Pria yang diteriaki malimg itu cepat berlari menuju pintu. Ia kalang kabut.
`` Tolong… maling !!! `` ibu itu terus berteriak.
Tak lama warga datang dengan membawa pentungan siap menghajar si maling nasi. Mereka berlari mengejar pria yang kelaparan itu.

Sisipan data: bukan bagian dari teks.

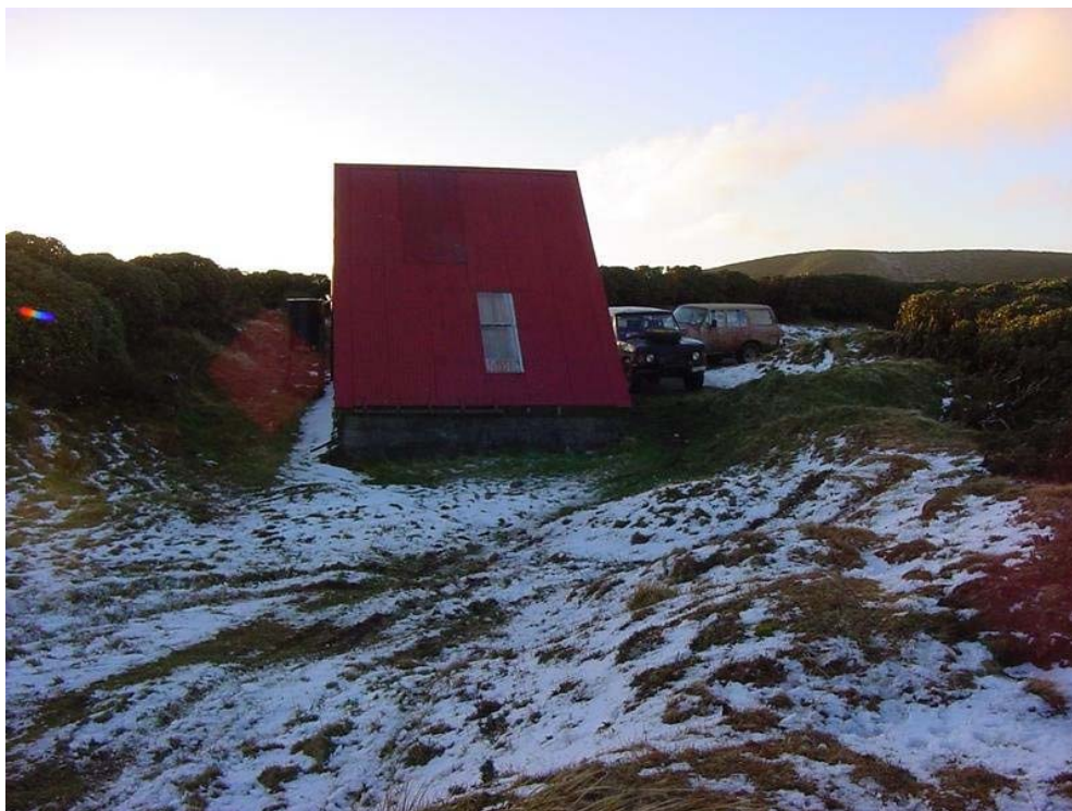
A-Frame Hut Under Discussion

A small group met with DOC in Palmerston North recently to discuss options for Takapari Road and the A-Frame Hut.

`` Ayo cepat ambil ikan asinnya`` sertu temanku.
Akupun bergegas menggigit ikan asin dari dalam tudung saji. Aku benar-benar merasa beruntung diciptakan sebagai seekor kucing. Tapi, wajah pria lapar itu terbayang dimataku. Ah, entah sudah jadi apa tubuhnya sekarang.